COMM101: Data Visualization with ggplot

Welcome the Communication track. By the end of this module, you’ll learn how to:

Pre-class preparation

Set up the COMM101 module on your computer (see Module Setup and Submission). There you’ll find the guided notes and exercises to accompany these recorded lectures.

Lectures

Welcome to the grammar of graphics

Introducing ggplot

Customization with scales and themes

In-class activity

We introduced the the World Ocean Atlas (WOA) in INFO101 to examine worldwide seawater temperatures. The WOA contains a lot of oceanographic data, not just temperature.

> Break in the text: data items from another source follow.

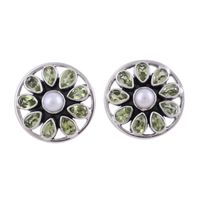 Star-Shaped Peridot and Pearl Button Earrings from India 'Glittering Stars' Item ID: 2671790976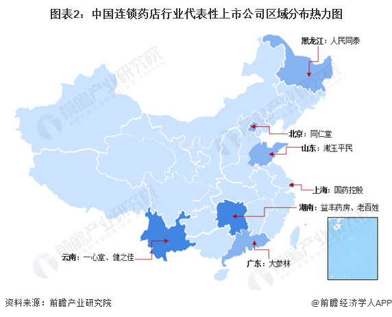 从区域分布看,中国连锁药店经营企业主要分布在湖南、云南、广东、上海等省市,例如湖南拥有益丰药房、老百姓;云南拥有一心堂和健之佳。
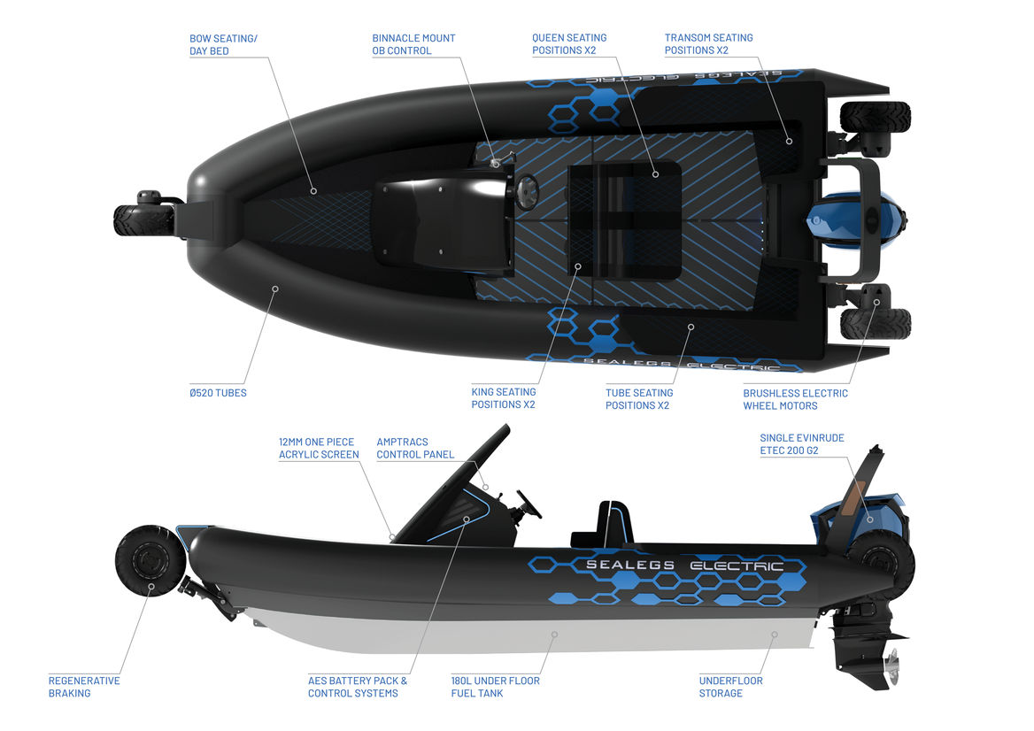 The integration of electric hub motors into the sea legs system is a good fit, saving space, taking the existing system a step further.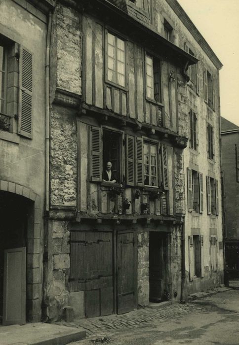 Maison avec façade en pans de bois, appartenant au centre ancien de la ville.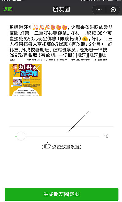 3.进入界面添加积赞内容。比如说要转发的文字、商家给出的广告图等等,最后拖动滑杆设置具体的点赞数量;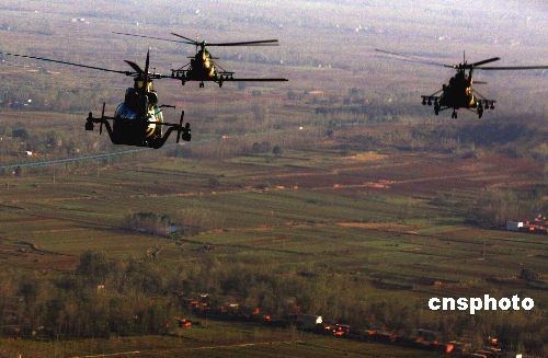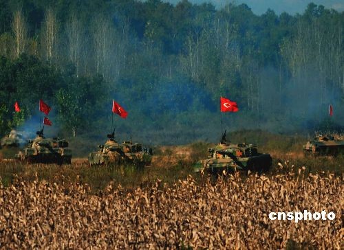 2008年10月24日,中國人民解放軍濟(jì)南軍區(qū)參加“前鋒--2008”演習(xí)部隊(duì)在訓(xùn)練基地集結(jié)完畢,裝甲、陸航部隊(duì)進(jìn)入訓(xùn)練階段。這次演習(xí)以信息化條件聯(lián)合作戰(zhàn)為背景,進(jìn)行實(shí)兵、實(shí)彈演練,將有二百余名外國軍人、留學(xué)生參觀。據(jù)悉,這是中國軍隊(duì)首次大規(guī)模對外國留學(xué)生開放軍事訓(xùn)練演習(xí)。 中新社發(fā) 宋吉河 攝

In this module, we’ll use the WOA and ggplot to visualize global sea surface salinity patterns.

Distributions of continuous variables

Recall our options for visualizing the distribution of continuous variables.

P1 What type of visualization is appropriate for a single continuous variable?

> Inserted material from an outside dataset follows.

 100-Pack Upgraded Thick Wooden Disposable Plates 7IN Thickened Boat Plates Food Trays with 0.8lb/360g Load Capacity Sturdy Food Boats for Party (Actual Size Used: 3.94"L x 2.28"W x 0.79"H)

P2 What type of visualization is appropriate for a continuous variable across categorical variables?

Now we’ll use these visualization types to look at the distribution of sea surface salinity. In the course companion package, you’ll find a data frame called woa_sal containing sea surface salinity data from the WOA.

Tip

You’re going to be saving several figures in this exercise. ggplot includes a function ggsave() that automates exporting ggplot figures to files. I encourage you to explore the help page to see how it works and the options available.

P3 Use ggplot to visualize the distribution of sea surface salinity. Save your figure as “comm101p3.png”.

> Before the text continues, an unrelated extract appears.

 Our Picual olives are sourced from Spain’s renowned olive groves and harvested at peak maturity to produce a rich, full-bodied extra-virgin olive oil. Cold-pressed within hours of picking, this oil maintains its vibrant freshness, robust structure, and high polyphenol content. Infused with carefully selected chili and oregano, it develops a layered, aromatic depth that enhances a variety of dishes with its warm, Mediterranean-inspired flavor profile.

P4 Use ggplot to visualize the distribution of sea surface salinity by ocean basin. Save your figure as “comm101p4.png”.

P5 Interpret your figures from P3 and P4. What patterns do you notice?

P6 Critique your figures from P3 and P4. What changes would highlight the patterns you interpreted in P5? You don’t need to write code for these changes, just describe them verbally.

Relationships between continuous variables

In the previous section you visualized salinity at global and regional scales. Now we’re going to dig deeper into fine-scale patterns.

Note

Don’t be fooled by the brevity of the following question - this one may be tricky! Think carefully about the components of ggplot you learned about in the pre-class videos and exercises. What geometries and aesthetics are relevant here?

P7 Visualize the relationship between salinity and latitude by ocean basin.

P8 Edit your figure from P7 to improve its interpretability in at least one of the following categories: visually differentiating the oceans, appropriateness of the labels, or use of negative space. Save this figure as “comm101p8.png”.

Recap and wrap up

In this module you learned how to make figures using ggplot. ggplot is one of the most popular tools for making scientific figures out there. It features in scientific journals, newspapers, and other sources. You’ll be using it a lot in your scientific career for exploring data and visually interpreting analyses!

Once you’ve completed the pre-class exercises and in-class activity, submit this module on GitHub.